**Brief:** Once the pictures are set aside, copy the data below exactly as it stands.

** Opening Data block **

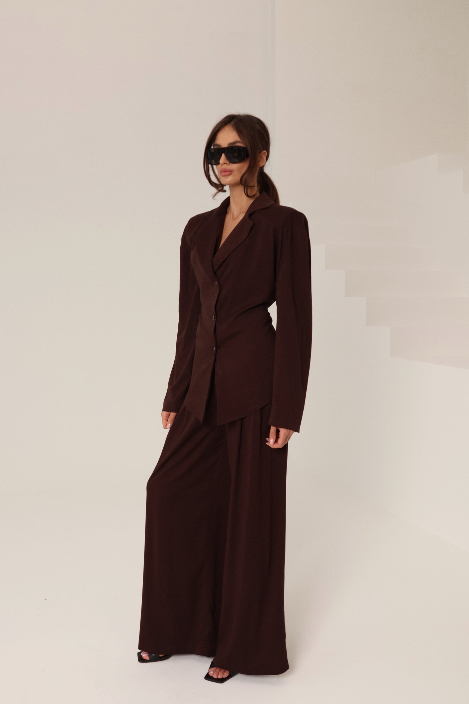 Spodnie wykonane z tkaniny wiskozowej, przemiłej w dotyku o wysokiej gramaturze, nie prześwitują. Do kompletu koszula:
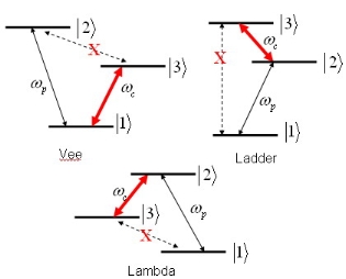 בתמונה ניתן לראות 3 קונפיגורציות שונות המולידות לתופעת השקיפות. בכל תמונה מסומנות שלושת רמות האנרגיה, ושתי תדירויות הלייזרים – Wp הינה תדירות/אנרגיית האור המקורי וWc הינה תדירות/אנרגיית האור המשני.
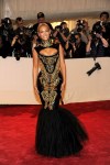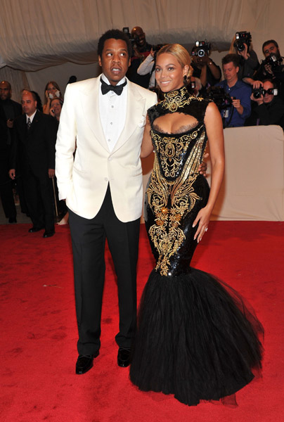 Beyoncé and Jay-Z hit the red carpet at the Costume Institute’s “Alexander McQueen: Savage Beauty” Gala at the Metropolitan Museum of Art in New York City today (May 2). All eyes were on hip-hop’s royal couple as they posed for photos together, Jay in a black-and-white tux and his wife in an ornate black-and-gold Pucci gown. The fashion and entertainment worlds collided at the star-studded event, which was dedicated to the memory of the late designer Alexander McQueen.
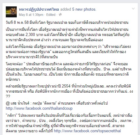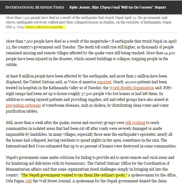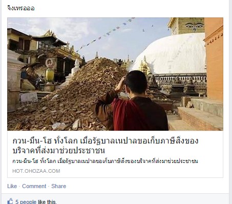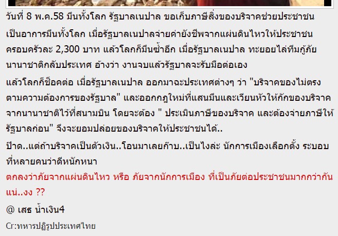 เมื่อวานเปิด Facebook มาเจอเพื่อ share ข่าวจากเว็บนึง พาดหัวว่ารัฐบาลเนปาล ขอเก็บภาษีของบริจาคที่ส่งมาช่วยประชาชน

** Closing Data block **

**Your response:**
 Spodnie wykonane z tkaniny wiskozowej, przemiłej w dotyku o wysokiej gramaturze, nie prześwitują. Do kompletu koszula:
 בתמונה ניתן לראות 3 קונפיגורציות שונות המולידות לתופעת השקיפות. בכל תמונה מסומנות שלושת רמות האנרגיה, ושתי תדירויות הלייזרים – Wp הינה תדירות/אנרגיית האור המקורי וWc הינה תדירות/אנרגיית האור המשני.
 Beyoncé and Jay-Z hit the red carpet at the Costume Institute’s “Alexander McQueen: Savage Beauty” Gala at the Metropolitan Museum of Art in New York City today (May 2). All eyes were on hip-hop’s royal couple as they posed for photos together, Jay in a black-and-white tux and his wife in an ornate black-and-gold Pucci gown. The fashion and entertainment worlds collided at the star-studded event, which was dedicated to the memory of the late designer Alexander McQueen.
 เมื่อวานเปิด Facebook มาเจอเพื่อ share ข่าวจากเว็บนึง พาดหัวว่ารัฐบาลเนปาล ขอเก็บภาษีของบริจาคที่ส่งมาช่วยประชาชน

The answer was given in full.